Similar questions have been asked, for example here and here but none of the other questions can be applied to my issue. Im trying to determine and count which observations are in each node in a decision tree. However, the tree structure is coming from a data frame of trees that Im creating myself from the BART
package. Im extracting tree information from BART
package and turning it into a data frame that resembles the one shown below (i.e., df
). But I need to work with the data frame structure provided. Aside: I believe the method im using, in relation to how the trees are drawn/ordered in my data frame, is called 'depth first'.
For example, my data frame of trees looks like this:
library(dplyr)
df <- tibble(variableName = c("x2", "x1", NA, NA, NA, "x2", NA, NA, "x5", "x4", NA, NA, "x3", NA, NA),
splitValue = c(0.542, 0.126, NA, NA, NA, 0.6547, NA, NA, 0.418, 0.234, NA, NA, 0.747, NA, NA),
treeNo = c(1,1,1,1,1,2,2,2,3,3,3,3,3,3,3))
Visually, these trees would look like:
The trees are being drawn left-first when traversing down df
. Additionally, all splits are binary splits. So each node will have 2 children.
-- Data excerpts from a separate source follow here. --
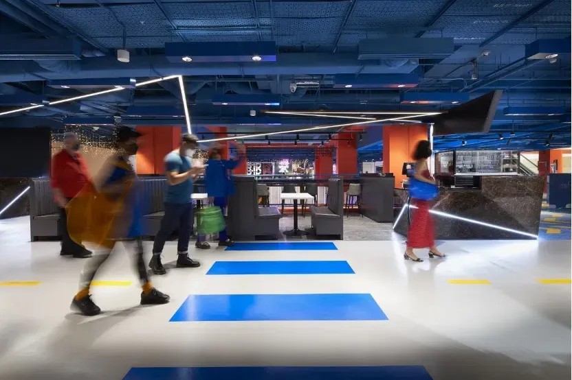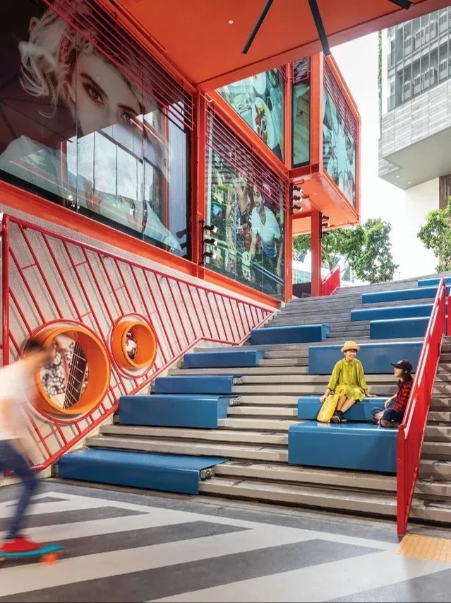 在空間優(yōu)化上,GRiD項目著重打造社交與活躍氛圍。通過引入“社交樓梯”理念,將傳統(tǒng)商鋪空間轉(zhuǎn)變?yōu)榧蓍e、交流與體驗于一體的多元功能區(qū)。這些設(shè)計不僅增強了建筑的視覺吸引力和可識別性,還以鮮明的橙色、藍(lán)色及白色調(diào),為空間注入活力與現(xiàn)代感,使其在城市街角中獨樹一幟。
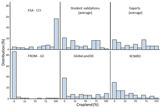 The information from each of these four products was aggregated to match the grid of the validation data set using ArcGIS zonal statistics to produce cropland proportions in each 1 km grid cell. The values from these four products were then extracted for each of the 25,943 1 × 1 km images interpreted by the students. From this sample, 22,190 had at least two interpretations from two different students and hence averages could be calculated across all evaluations. The resulting histograms are shown in Figure 4. Both the validation data and the ESA-CCI show a range of cropland proportions while the other data sets are heavily skewed towards lower proportions of cropland.
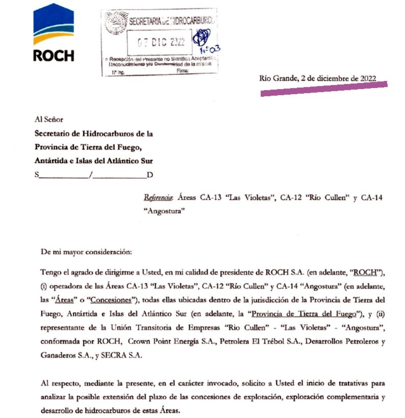 Documentación a la que tuvo acceso este medio confirma que –efectivamente- Roch inició gestiones en diciembre de 2022 para la continuidad de la concesión. Que el 16 de febrero 2023 se le respondió desde la secretaría de Hidrocarburos haciéndole conocer “los lineamientos a cumplimentar por parte de las concesionarias interesadas en prorrogar sus áreas…” a fin de cumplimentar el nuevo contrato. Y que nunca más (pasados ya largos dos años) hubo comunicación formal alguna de parte de Roch hacia el gobierno provincial.
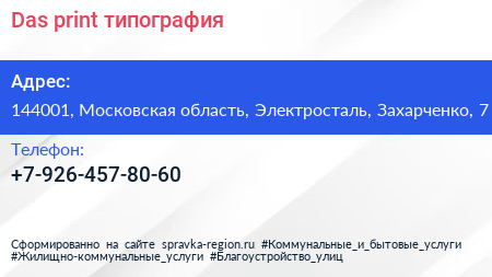 Das-print, типография по адресу 144001, Московская область, Электросталь, Захарченко, 7 в дальнейшем Организация, размещена в следующих категориях:
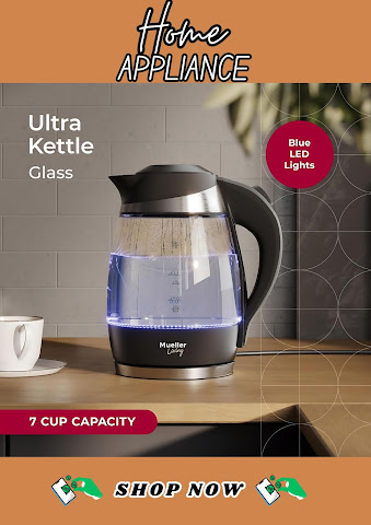 The Mueller Ultra Kettle (M99S) is a 1.8 liter cordless electric kettle that boils water quickly with its 1500W SpeedBoil technology. It features a borosilicate glass body for a clear view of the water and an LED light that indicates boiling. Safety features include auto shut-off and boil-dry protection for peace of mind.
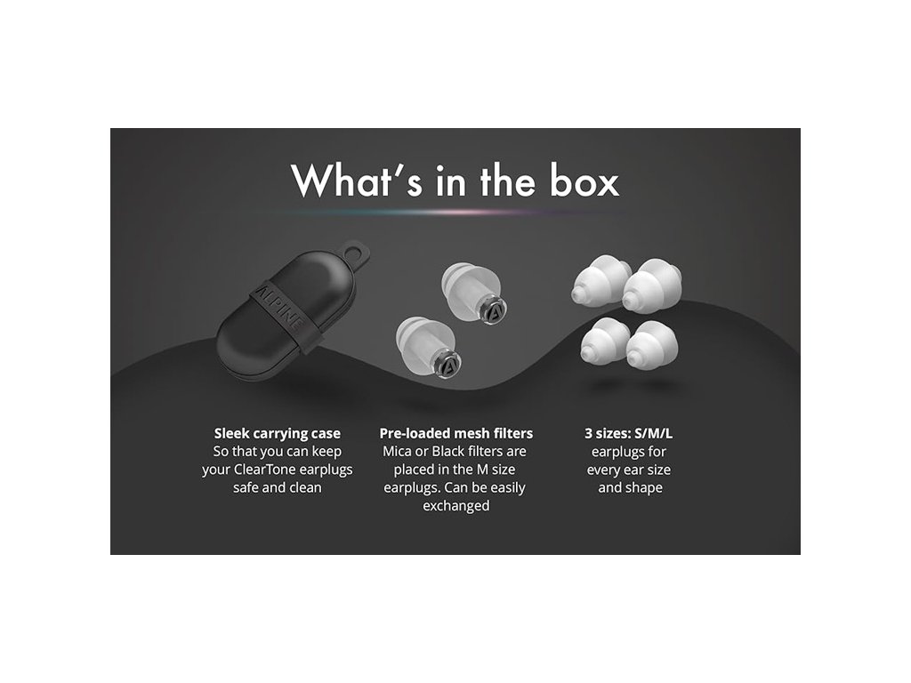 Špeciálny sieťkový filter v Alpine ClearTone redukuje hlasné frekvencie a zároveň zachováva prirodzený zážitok z hudby aj konverzácie. Na rozdiel od obyčajných špuntov neskresľujú tóninu ani nepridávajú basy, takže si užijete čistý a vyrovnaný posluch. Vďaka tomu sú ideálne na koncerty a festivaly, kde chcete počuť hudbu v tej najlepšej kvalite a zároveň si chrániť sluch pred nadmerným hlukom.
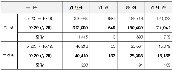 □ 등교 이후 진단검사 현황(10.21. 0시 기준)
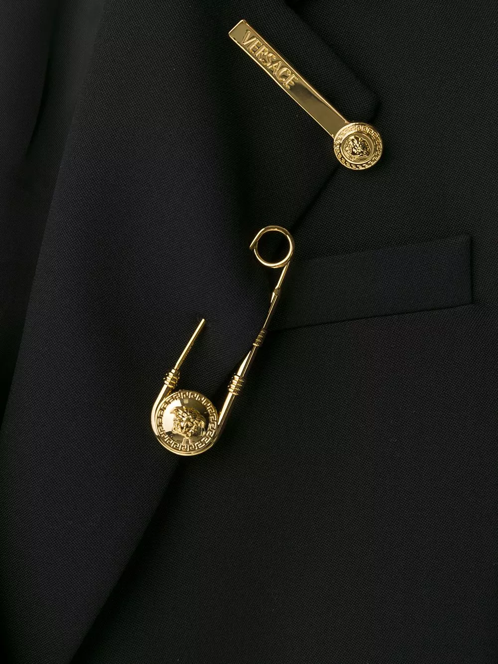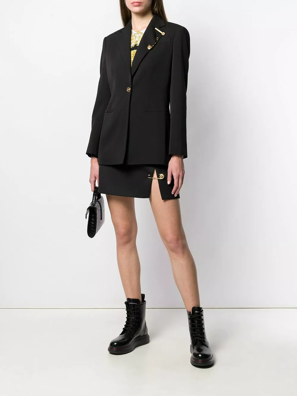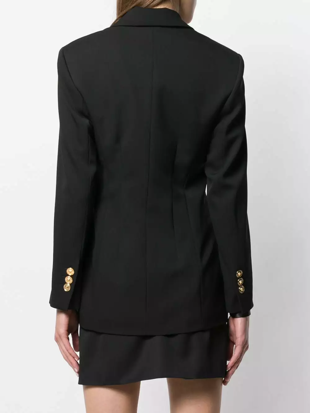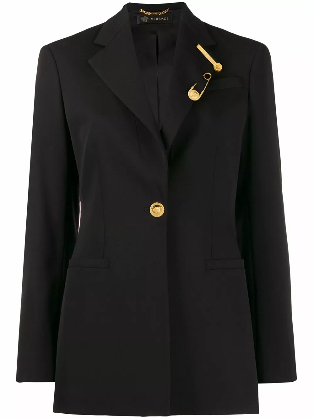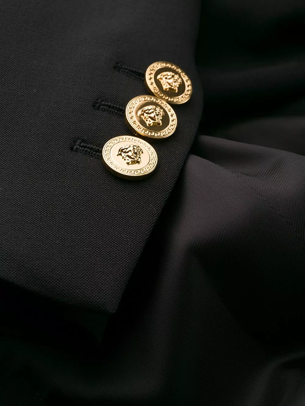 Keep your business-wear on top with this black tailored long-length blazer from Versace. Designed with gold-tone details, this piece will make you stand out anytime. Now, go. The big project is (already) yours! Featuring notched lapels, a front button fastening, long sleeves, front pockets and gold-tone hardware.
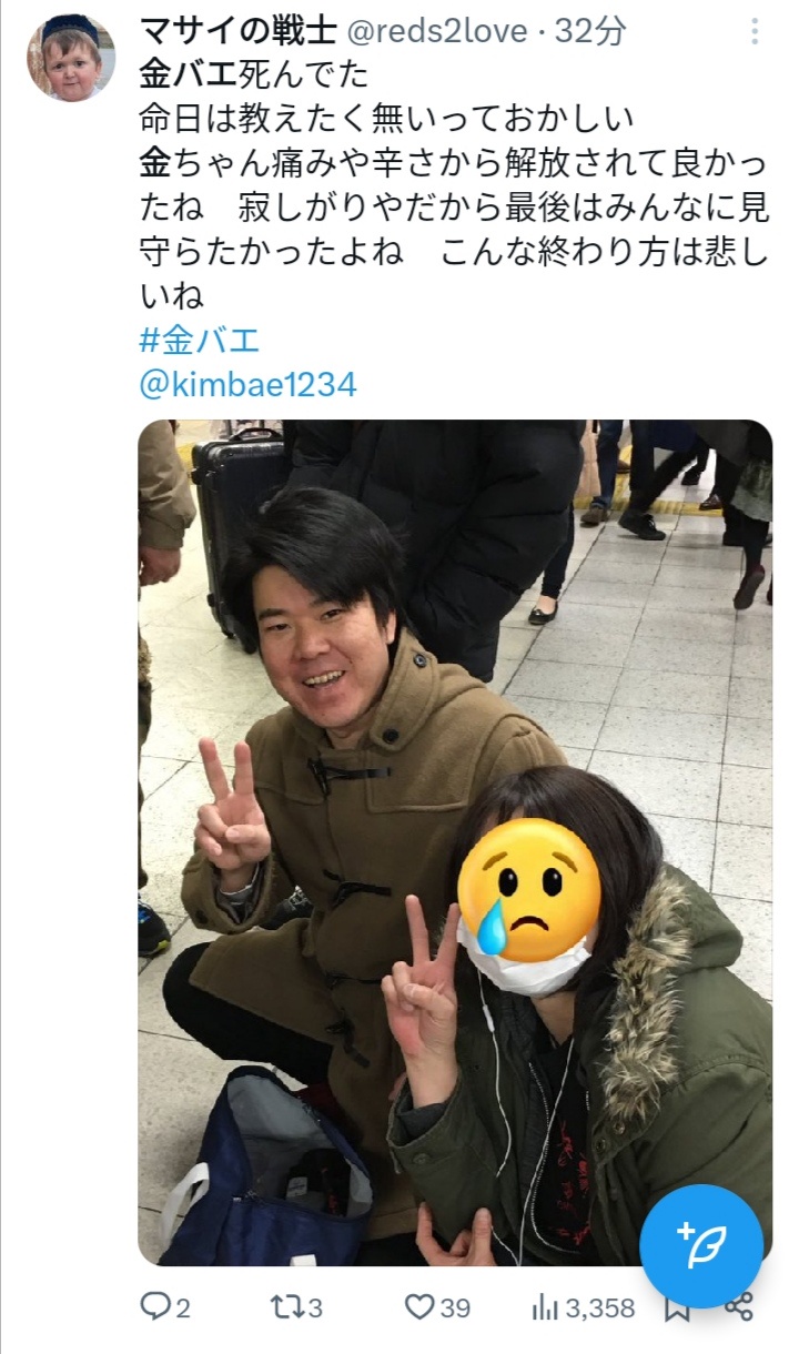 23日朝、三杯目ひかるは実施したツイキャス配信の中で、金バエさんの世話をしている女性「真央」から同日午前9時頃に電話があったと報告。そこで金バエさんが亡くなっていたことを知らされたと明かしました。電話の内容について初めは口を開かなかったひかるですが、視聴者の求めに応じて「金バエさんが亡くなっているという話でした」と告白しました。続けて、「いつ頃なのかは言えないみたいな感じだったんですね。ただ、5月ではないと言っていました」「葬儀は終えているみたい」と報告しました。

So, if we create some data that looks like this:
set.seed(100)
dat <- data.frame( x1 = runif(10),
x2 = runif(10),
x3 = runif(10),
x4 = runif(10),
x5 = runif(10)
)
Im trying to find which of the observations of dat
fall into which node?
Attempt at an answer: This isn't really helpful, but for clarity (as I am still trying to solve this), hardcoding it for tree number three would look like this:
lists <- df %>% group_by(treeNo) %>% group_split()
tree<- lists[[3]]
namesDf <- names(dat[grepl(tree[1, ]$variableName, names(dat))])
dataLeft <- dat[dat[, namesDf] <= tree[1,]$splitValue, ]
dataRight <- dat[dat[, namesDf] > tree[1,]$splitValue, ]
namesDf <- names(dat[grepl(tree[2, ]$variableName, names(dat))])
dataLeft1 <- dataLeft[dataLeft[, namesDf] <= tree[2,]$splitValue, ]
dataRight1 <- dataLeft[dataLeft[, namesDf] > tree[2,]$splitValue, ]
namesDf <- names(dat[grepl(tree[5, ]$variableName, names(dat))])
dataLeft2 <- dataRight[dataRight[, namesDf] <= tree[5,]$splitValue, ]
dataRight2 <- dataRight[dataRight[, namesDf] > tree[5,]$splitValue, ]
I have been trying to maybe turn this into a loop. But it's proving to be challenging to work out. And I (obviously) cant hardcode it for every tree. Any suggestions as to how I could solve this??